The BMW, Billy driving, continued northward through thickening snow. They reached Landquart and the autobahn as the sun went down. Twenty kilometers farther, the sky nearly dark, they saw slowed traffic and flashing lights at the place where Elena's car had been overtaken. Billy slowed, staying to the right. The Mercedes was still there, on its side, illuminated by spotlights and by the glow of flares that funneled all traffic into a single lane. Several cars marked
Polizei
lined the shoulder of the road, their blue lights strobing. Two uniformed policemen paced the shoulder, heads down, searching for shell casings with the aid of a metal detector. But for that, it seemed the scene of an ordinary wet-road accident.
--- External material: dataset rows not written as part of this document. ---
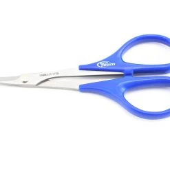 These are Curved Lexan Scissors from Team Associated. If you have painted bodies for your cars and cut them out to fit your vehicle, you need some of these scissors. These scissors have a small curve to the blade making it much easier to cut around complex curves in your lexan car bodies.
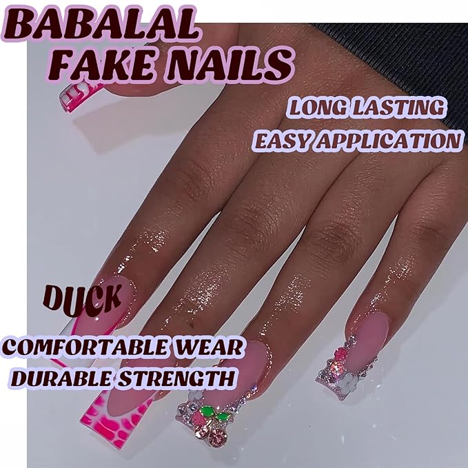 - 【Package Contains】You will get 24 pieces of long duck press on nails with 12 different sizes, 1 nail glue for DIY your own nails. you can choose the most suitable false nail for yourself, it is easy to trim and file them to in any length and shape you like
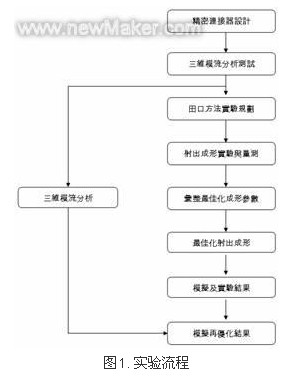 透過本研究實(shí)驗(yàn)所規(guī)劃之流程(圖1),搭配田口實(shí)驗(yàn)規(guī)劃法,加以探討模流分析與實(shí)際射出成形所得之結(jié)果,是否可有效改善塑料平坦度,進(jìn)而獲得最佳化之射出成形參數(shù)。
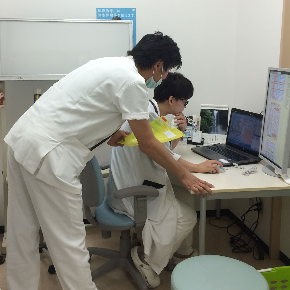 例年通り、最初は私の診療を見学してもらっていましたが、今年からは初診の患者さんを中心に積極的に診察していただきました。日本語でのコミュニケーションは全く問題ないのですが、果たして患者さんに丁寧な言葉で説明できるのか…不安に思っていましたが、敬語を駆使して、納得のいく説明をすることができており、さらに感心しました(笑)
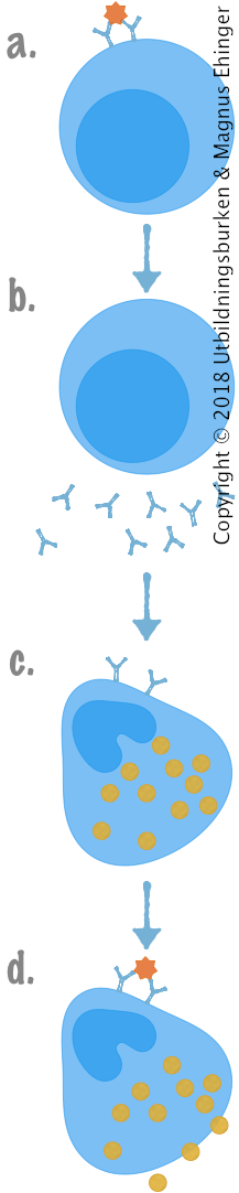 Ett allergen, t.ex. ett pollenkorn, binder till antikroppar på en B-cell (a). B-cellen aktiveras och omvandlas till en plasmacell (b). Den utsöndrar en mängd antikroppar, t.ex. IgE. IgE-antikroppar binder till mastceller i slemhinnor (c). Nästa gång allergenet binder till antikropparna på mastcellen utsöndrar mastcellen histaminer och cytokiner. Det har uppstått en allergisk reaktion.
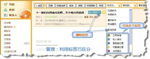 想象一下,在來(lái)信眾多的情況下,掃一眼,馬上知道有沒(méi)有紅色標(biāo)簽的“Boss郵件”,或者綠色標(biāo)簽的“休閑娛樂(lè)”,是件多爽快的事。值得一提的是,QQ郵箱還支持一封郵件多個(gè)標(biāo)簽哦,除了按發(fā)信人設(shè)置標(biāo)簽,也可以按照郵件的緊急程度、自己的處理習(xí)慣多設(shè)置幾個(gè)標(biāo)簽,一目了然你的郵箱。(圖2)

Cars crawling past, children pointing, windows being rolled down to ask hushed questions. A silent policeman, shaking his head, not answering, waved them forward.

”A cowboy job,” Billy muttered contemptuously.

”Uh-huh,” Bannerman nodded, agreeing. It had been hastily conceived. Messy. Too many ways for it to go wrong. Whoever hired them, apparently this Ortirez, either didn't know how to pick the right men or was desperate to see that Elena never lived to make good her threat. Probably both.

Billy glanced at him. “You okay? You want to talk?”
”I need to think. But thank you, Billy.”
The BMW sped on. In another fifteen minutes, darkness was total. Their headlights picked up signs leading to the Wallensee, a deep freshwater lake that had frozen over during this unusually cold January. Billy flicked his tum signal and climbed the exit ramp.

The shore of the Walensee was less than two kilometers to the east. A single lane road led to a cluster of boarded-up summer cottages. He backed the BMW between two of them, its rear end a few feet from the shore. There they waited for thirty minutes as their eyes adjusted to the night. Billy nodded that he was ready. Taking the hatchet and saw, he walked out onto the ice where he cut two holes fifty yards from shore and as far apart. Returning to the car and satisfied that they were unobserved, Billy hoisted Harold Carmody over his shoulder and made his way to the larger of the two holes. He slid Harold through the ice, then returned for Lurene. Bannerman, meanwhile, made a bundle of the Carmodys' legitimate travel documents, weighted by their weapons and Billy's as well, and dropped these through the smaller hole. Their false papers, identifying them as Ray and Caroline Bass of Mississippi, had been left in their pockets and purse. Bannerman replaced the disk of sawed ice, then returned to the larger hole, dropped in the tools, and did the same there. He could feel, through his feet, the two bodies gently bumping against the underside of the ice. They would sink within the hour. The holes would freeze solid by morning. Fresh snow would probably cover all traces. If not, any visible signs that remained would look like the work of ice fisherman. The bodies would surface sometime in April. They might never be correctly identified by the police. But the people who lived in his world would know who they were and who put them there. He would see to that. Satisfied, Bannerman returned to the car.